A security researcher from RipsTech, have uncovered a critical Remote Code Execution bug on WordPress CMS that affects all previous versions of WordPress content management software released in the past 6 years.
The blog post RipsTech showed that this bug can be exploited by the attacker with at least author privilege on the target WordPress by the chaining the two vulnerabilities - Path Transversal and Local File Inclusion, that resides on the WordPress core to gain the code execution on the server.

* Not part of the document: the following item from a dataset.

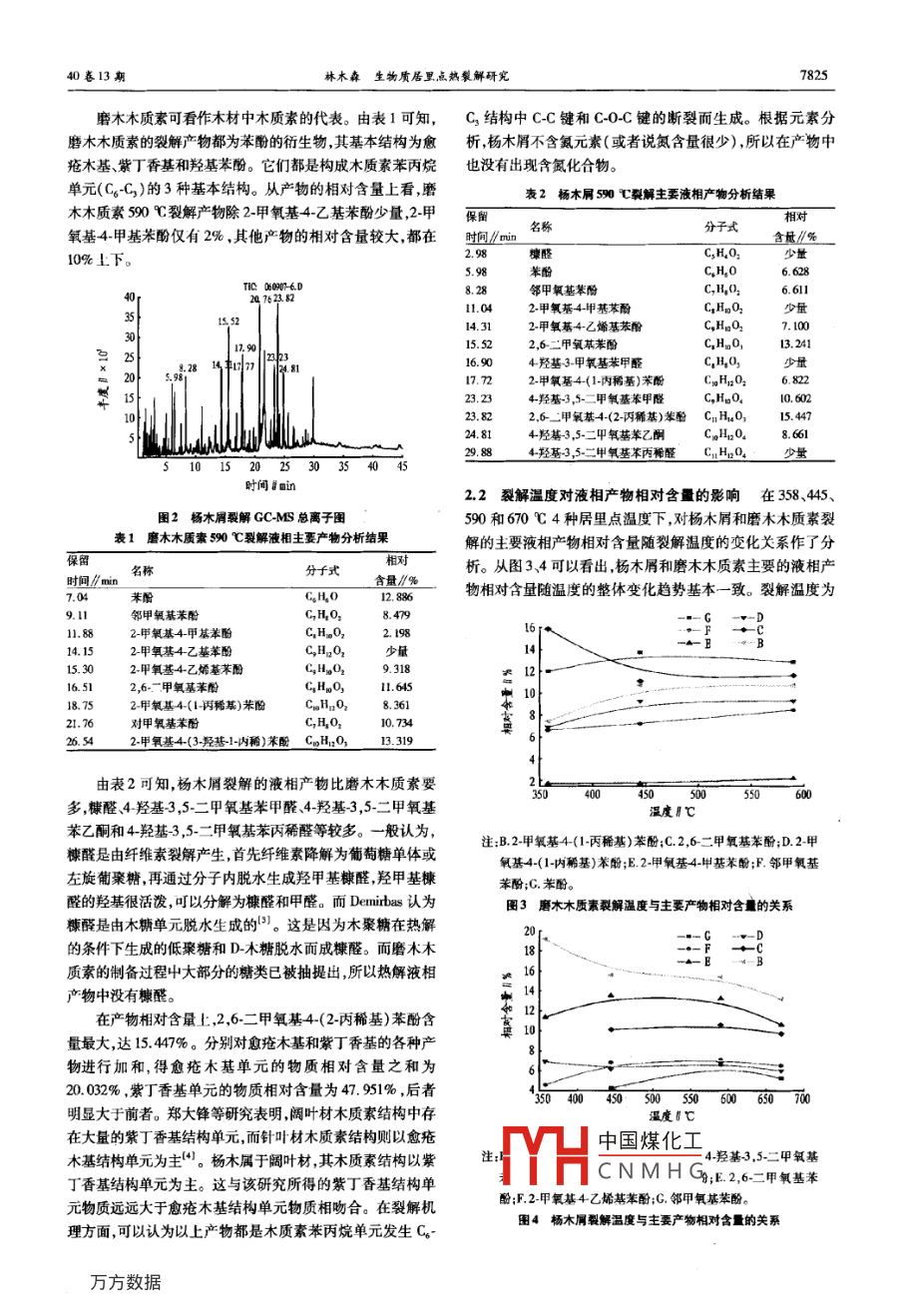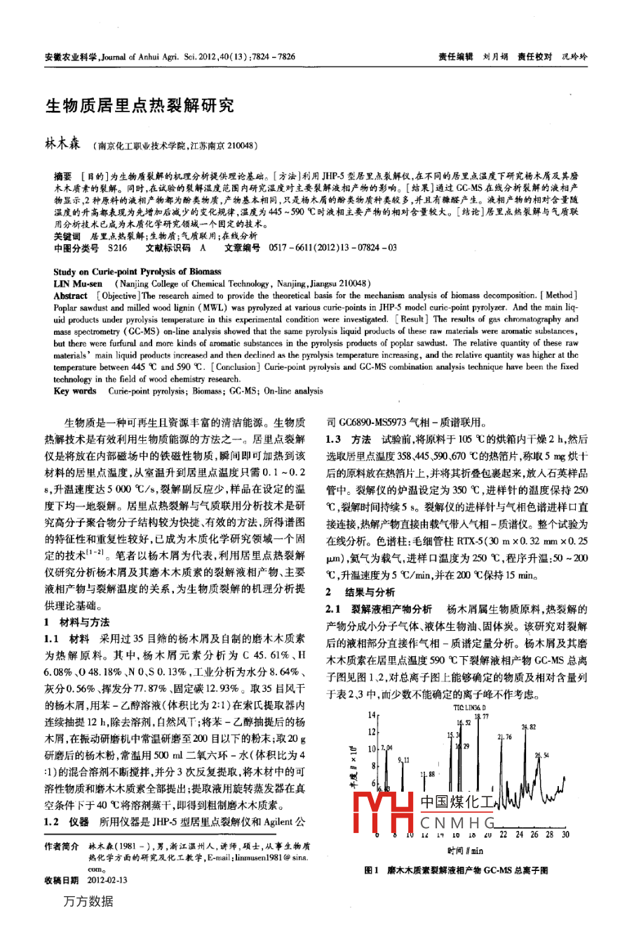 安徽農(nóng)業(yè)科學, Journal of Anhui Agri.Soi.2012,40(13):7824-7826責任編輯劉月娟責任校對況玲玲生物質(zhì)居里點熱裂解研究林木森(南京化工職業(yè)技術學院,江蘇南京21008摘要[目的]為生物質(zhì)裂解的機理分析提供理論基礎。[方油]利用JHP5型居里點裂解儀,在不同的居里點溫度下研究楊木屑及其磨木木質(zhì)素的裂解。同時,在試驗的裂解溫度范囯內(nèi)研究溫度對主要裂解液相產(chǎn)物的彩響。[結果]通過CCMS在線分析裂解的液相產(chǎn)物顯示,2種原料的液相產(chǎn)物都為酚類物質(zhì),產(chǎn)物基本相同,只是楊木屑的酚類物質(zhì)種類較多,并且有糠醛產(chǎn)生。液相產(chǎn)物的相對含量隨漒度的升高都表現(xiàn)為先增加后減少的變化規(guī)律,溫度為445~590℃時液相主要產(chǎn)物的相對含量較大。[結論]居里點熱裂解與氣盾聯(lián)用分析技術已成為木質(zhì)化學研究領域一個固定的技術關鍵詞居里點熱裂解;生物質(zhì);氣質(zhì)聯(lián)用;在線分析中圖分類號S216文獻標識碼A文章編號017-6611(2012)13-07824-03Study on Curie-point Pyrolysis of BiomassLIN Mu-sen Nanjing College of Chemical Technology, Nanjing, Jiangsu 210048)Abstract Objective ] The research aimed to provide the theoretical basis for the mechanism analysis of biomass decomposition. MethodPoplar sawdust and milled wood lignin( MWL)was pyrolyzed at various cunie-points in JHP-5 model curie-point pyrolyzer. And the main liqid products under pyrolysis temperature in this experimental condition were investigated. Result] The results of gas chromatography anass spectrometry(GC-MS)on-line analysis showed that the same pyrolysis liquid products of these raw materials were aromatic substancesbut there were furfural and more kinds of aromatic substances in the pyrolysis products of poplar sawdust, The relative quantity of these rawnaterials,main liquid products increased and then declined as the pyrolysis temperature increasing, and the relative quantity was higher at themperature between 445 C and $ C. Conclusion] Curie-point pyrolysis and GC-MS combination analysis technique have been the fixedhnology in the field of wood ehemistry researchKey words Curie-point pyrolysis; Biomass; GG-MS: On-line analysis生物質(zhì)是一種可再生且資源豐富的清潔能源。生物質(zhì)司GC6890-MS573氣相-質(zhì)譜聯(lián)用熱解技術是有效利用生物質(zhì)能源的方法之一。居里點裂解1.3方法試驗前將原料于106℃的烘箱內(nèi)干燥2h,然后儀是將放在內(nèi)部磁場中的鐵磁性物質(zhì),瞬間即可加熱到該選取居里點溫度358415590670℃的熱箔片稱取5mg烘十材料的居里點溫度,從室溫升到居里點溫度只需0.1~0.2后的原料放在熱箔片上,并將其折疊包裹起來,放入石英樣品6,升溫速度達5000℃/s,裂解副反應少,樣品在設定的溫管中。裂解儀的爐溫設定為350℃,進樣針的溫度保持250度下均一地裂解。居里點熱裂解與氣質(zhì)聯(lián)用分析技術是研℃C,裂解時間持續(xù)5s。裂解儀的進樣針與氣相色譜進樣口直究高分子聚合物分子結構較為快捷、有效的方法,所得譜圖接連接熱解產(chǎn)物直接由載氣帶入氣相-質(zhì)譜儀。整個試驗為的特征性和重復性較好,已成為木質(zhì)化學研究領域一個固在線分析。色譜柱:毛細管柱RIX5(30mx0.32mx0.25定的技術2。筆者以楊木屑為代表利用居里點熱裂解pm),氦氣為載氣,進樣口溫度為20℃,程序升溫:0-x0儀研究分析楊木屑及其磨木木質(zhì)素的裂解液相產(chǎn)物、主要℃,升溫速度為5℃/mn,并在20℃保持15min液相產(chǎn)物與裂解溫度的關系,為生物質(zhì)裂解的機理分析提2結果與分析供理論基礎。2.1裂解液相產(chǎn)物分析楊木屑屬生物質(zhì)原料,熱裂解的1材料與方法產(chǎn)物分成小分子氣體、液體生物油固體炭。該研究對裂解L1材料采用過35目篩的楊木屑及自制的磨木木質(zhì)素后的液相部分直接作氣相-質(zhì)譜定量分析。楊木屑及其磨為熱解原料。其中,楊木屑元素分析為C45.61%、日木木質(zhì)素在居里點溫度590℃下裂解液相產(chǎn)物GCMS總離608%、048.18%N0、50.13%,工業(yè)分析為水分8.64%子圖見圖1、2,對總離子圖上能夠確定的物質(zhì)及相對含量列灰分0.56%、揮發(fā)分7.87%、固定碳1293%。取35目風干于表2、3中,而少數(shù)不能確定的離子峰不作考慮。的楊木屑,用苯-乙醇溶液(體積比為2:1)在索氏提取器內(nèi)TIC LIN3 D連續(xù)抽提12h,除去溶劑,自然風T;將苯-乙醇抽提后的楊木屑,在振動研磨機中常溫研磨至200目以下的粉末;取20g研磨后的楊木粉常溫用500ml二氧六環(huán)-水(體積比為410+21)的混合溶劑不斷攪拌,并分3次反復提取,將木材中的可溶性物質(zhì)和磨木木質(zhì)素全部提出;提取液用旋轉蒸發(fā)器在真空條件下于40℃將溶劑蒸干,即得到粗制磨木木質(zhì)素。中國爆化工從1.2儀器所用儀器是JHP5型居里點裂解儀和 Agilent公CNMHGL動作者簡介林木森(1981-),男,淅江溫州人,講師,碩士,從事生物質(zhì)時間"min熱化學方面的研究及化工教學,E-mail; linmusenl981@sin圖1磨木木質(zhì)素裂解液相產(chǎn)物GCMS總離子圖收稿日期201202-1340卷13期林木森生物質(zhì)居里點熱裂解研究7825磨木木質(zhì)素可看作木材中木質(zhì)素的代表。由表1可知,C3結構中C-C鍵和C.0C鍵的斷裂而生成。根據(jù)元素分磨木木質(zhì)素的裂解產(chǎn)物都為苯酚的衍生物,其基本結構為愈析楊木屑不含氮元素(或者說氮含量很少),所以在產(chǎn)物中瘡木基、紫丁香基和羥基苯酚。它們都是

Furthermore, Simon Scannell from RipsTech noted that the code execution attack became non-exploitable in WordPress versions 4.9.9 and 5.0.1 after patch for another vulnerability was introduced which prevented unauthorized users from setting arbitrary Post Meta entries. But the Path Transversal bug is still unpatched.
On Wordpress, low privilege users (Author) modify any entries associated with an Image and set them to arbitrary values, where Post Meta entries will be overwritten which will lead to a Path Traversal later.
The idea is to set _wp_attached_file to evil.jpg?shell.php, which would lead to a HTTP request being made to the following URL: https://targetserver.com/wp-content/uploads/evil.jpg?shell.php. This request would return a valid image file, since everything after the ? is ignored in this context. The resulting filename would be evil.jpg?shell.php.The researcher also shares the video demonstrating the vulnerabilities with the author privileged users.
The vulnerabilities have been reported to WordPress Security team via Hackerone, and they have half fixed it. The complete fix will be addressed on the next release of WordPress.